SOURCE DATA:
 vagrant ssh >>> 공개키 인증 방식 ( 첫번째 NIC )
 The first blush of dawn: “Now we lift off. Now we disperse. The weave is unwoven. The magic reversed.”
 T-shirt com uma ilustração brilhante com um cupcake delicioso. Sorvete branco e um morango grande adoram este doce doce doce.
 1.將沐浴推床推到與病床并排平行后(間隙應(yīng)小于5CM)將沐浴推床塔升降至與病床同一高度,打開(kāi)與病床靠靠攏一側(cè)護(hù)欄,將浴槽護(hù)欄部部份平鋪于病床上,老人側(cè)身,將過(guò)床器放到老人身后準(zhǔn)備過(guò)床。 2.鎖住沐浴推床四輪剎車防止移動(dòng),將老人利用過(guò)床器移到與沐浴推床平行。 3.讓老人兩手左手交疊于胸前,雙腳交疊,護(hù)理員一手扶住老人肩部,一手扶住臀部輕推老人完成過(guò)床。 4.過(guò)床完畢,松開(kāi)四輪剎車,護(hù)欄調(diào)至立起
--
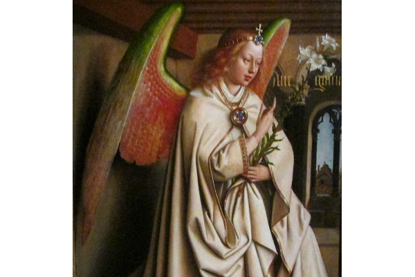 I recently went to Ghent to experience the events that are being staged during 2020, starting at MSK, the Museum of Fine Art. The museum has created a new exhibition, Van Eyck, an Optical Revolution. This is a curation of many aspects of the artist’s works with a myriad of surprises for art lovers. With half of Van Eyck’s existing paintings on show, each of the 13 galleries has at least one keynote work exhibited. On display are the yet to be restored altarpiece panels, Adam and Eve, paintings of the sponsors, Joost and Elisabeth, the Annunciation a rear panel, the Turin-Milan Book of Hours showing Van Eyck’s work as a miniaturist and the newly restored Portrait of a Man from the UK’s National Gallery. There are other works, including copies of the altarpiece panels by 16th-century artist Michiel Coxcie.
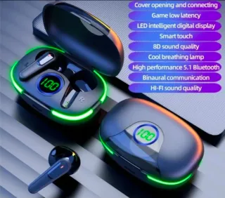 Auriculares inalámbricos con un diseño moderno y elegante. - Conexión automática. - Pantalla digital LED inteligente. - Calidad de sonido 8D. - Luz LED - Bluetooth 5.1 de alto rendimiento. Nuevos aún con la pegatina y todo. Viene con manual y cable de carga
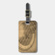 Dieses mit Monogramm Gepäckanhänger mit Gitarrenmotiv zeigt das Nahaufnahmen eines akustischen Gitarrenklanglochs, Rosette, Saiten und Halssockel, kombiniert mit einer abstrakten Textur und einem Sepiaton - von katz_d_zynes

WHAT IS BEING ASKED: Keep both end lines and retype everything in the records above from the line containing "vagrant ssh >>> 공개키 인증 방식 ( 첫번째 NIC )" through the line containing "T-shirt com uma", exactly, with nothing else.

COMPLETED EXERCISE:
 vagrant ssh >>> 공개키 인증 방식 ( 첫번째 NIC )
 The first blush of dawn: “Now we lift off. Now we disperse. The weave is unwoven. The magic reversed.”
 T-shirt com uma ilustração brilhante com um cupcake delicioso. Sorvete branco e um morango grande adoram este doce doce doce.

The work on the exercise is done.